Engineers working on latency sensitive applications need to be comfortable degugging using captured live traffic, since these are often bugs that cannot be reproduced by a unit test or even surfaced by any Observability tool (especially when logging is latency-prohibitive).

Chaos Engineering

Chaos Engineering is the discipline of experimenting on a distributed system in order to build confidence in the system’s capability to withstand turbulent conditions in production.

Chaos Engineering, first popularized by Netflix’s Chaos Monkey, is now a discipline in its own right. The term “chaos engineering” might be new, but fault injection testing has been around for a long time.

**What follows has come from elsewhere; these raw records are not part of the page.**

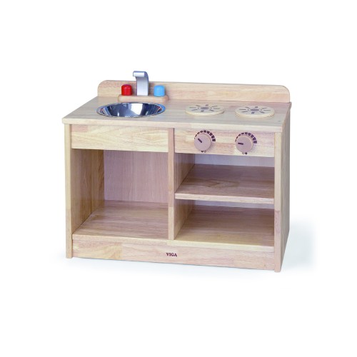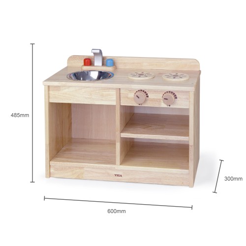 This kitchen is made of quality rubber wood and comes with a natural finish.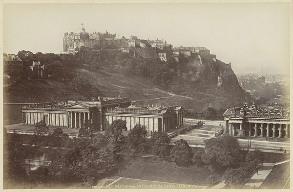 Editor: This gelatin silver print from between 1856 and 1863, taken by Juan Laurent, offers a stunning vista of the Alcázar of Segovia and its cathedral. The cityscape, shrouded in sepia tones, almost feels like a memory. How do you interpret this scene? Curator: I see a layered narrative deeply rooted in Spanish history and cultural identity. The Alcázar, a symbol of royal power, juxtaposed with the cathedral, representing spiritual authority, tells a story of shifting hegemonies and cultural syncretism. Notice how the photographer chose the viewpoint from Alameda de la Fuencisla, creating a sense of depth and revealing the stratification of society. Do you notice any particular symbols that resonate? Editor: Well, the strong verticality of both buildings really strikes me. They seem to reach towards the sky, which maybe suggests a reaching for higher ideals or...dominance? Curator: Precisely. Consider the symbolism inherent in architectural choices. The cathedral, predominantly Gothic in style, with its pointed arches, speaks of aspiration, while the Alcázar, borrowing from Romanesque traditions, with its robust, defensive structures, hints at power and security. This interplay also embodies the ongoing tension between faith and earthly power. The image freezes a transient moment in history. Do you think there's a sense of cultural memory embedded here? Editor: Absolutely! It’s like Laurent captured more than just a view; he's preserved a visual record of cultural evolution. Curator: Indeed, through the choice of subject matter and the soft focus characteristic of Pictorialism, Laurent invites us to contemplate how monuments shape our collective memory and inform our understanding of identity. Editor: I hadn't considered the composition that deeply before. This piece makes you think about how symbols, architecture and setting create something profound. Curator: Absolutely, it reveals how photographers also use their medium to delve into the cultural psychology of a place and time.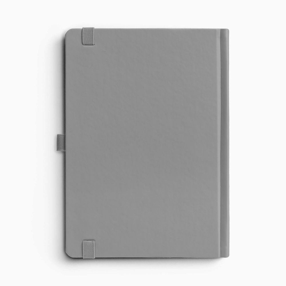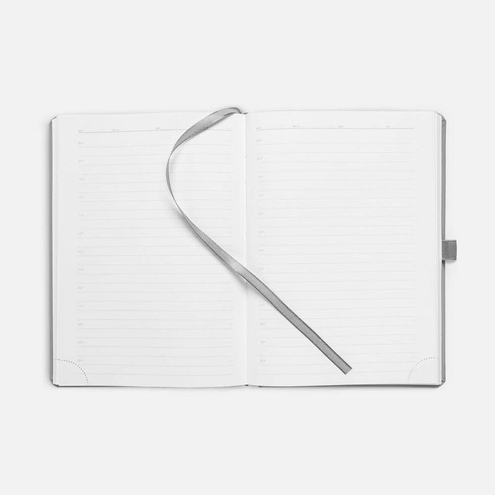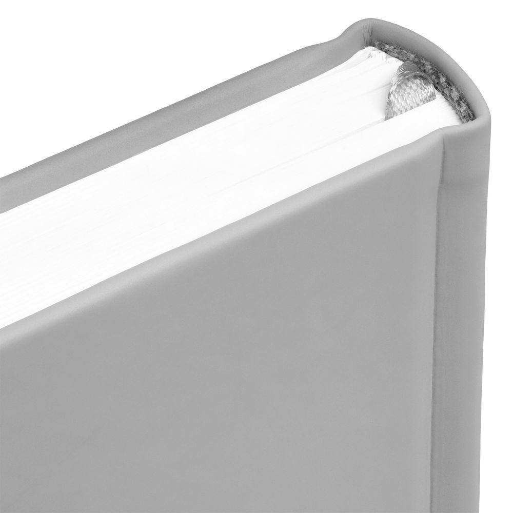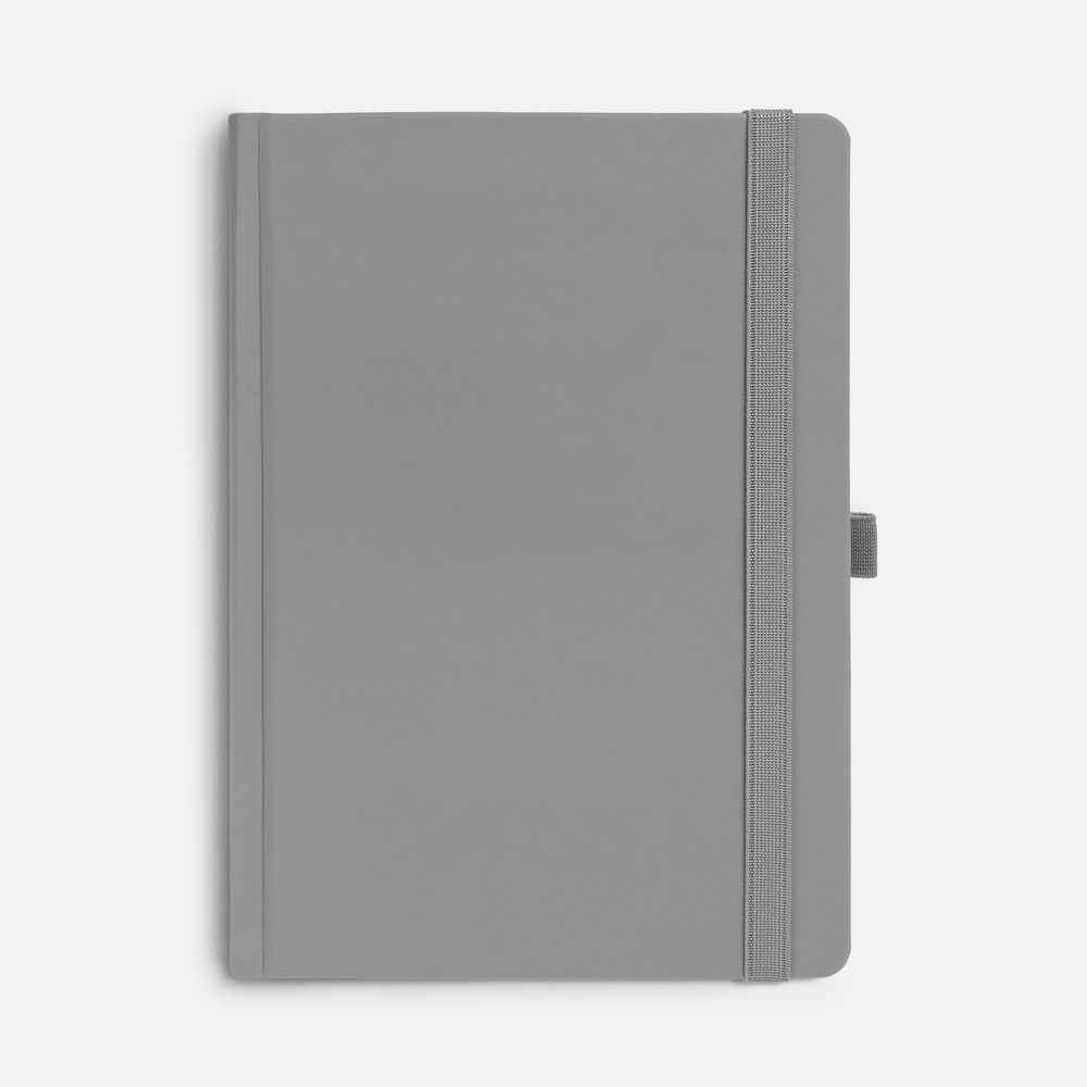 Ежедневник с твердой обложкой без поролона, выполнен из материала Soft Touch, серый СС, дополнен резинкой шириной 1 см, петлей-резинкой для ручки, капталом и ляссе серого цвета.

Chaos testing refers to techniques such as:

— killing random nodes to see if the system is resilient to node failure
— injecting error conditions (such as latency) to verify their proper handling
— forcing a misbehaving network to see how the service reacts

The vast majority of organizations lack the operational sophistication to be able to embark on chaos testing. It’s important to state that the injection of faults in a system is best undertaken once a baseline of resilience is established. This whitepaper by Gremlin (no affiliation) should provide a good primer on chaos testing as well as guidelines on how to get started.

Critical to chaos engineering is that it is treated as a scientific discipline. It uses precise engineering processes to work.
The goal of chaos engineering is to teach you something new about your systems’ vulnerabilities by performing experiments on them. You seek to identify hidden problems that could arise in production prior to them causing an outage. Only then will you be able to address systemic weaknesses and make your systems fault- tolerant.

Conclusion

The goal of testing in production isn’t to completely eliminate all manner of system failures. To quote John Allspaw:

While any increase in confidence in the system’s resiliency is positive, it’s still just that: an increase, not a completion of perfect confidence. Any complex system can (and will) fail in surprising ways.

Testing in production might seem pretty daunting at first, way above the pay grade of most engineering organizations. While it’s not easy or entirely risk-free, undertaken meticulously, it can greatly help build confidence in the reliability of the sort of complex distributed systems that are becoming increasingly more ubiquitous in this day and age.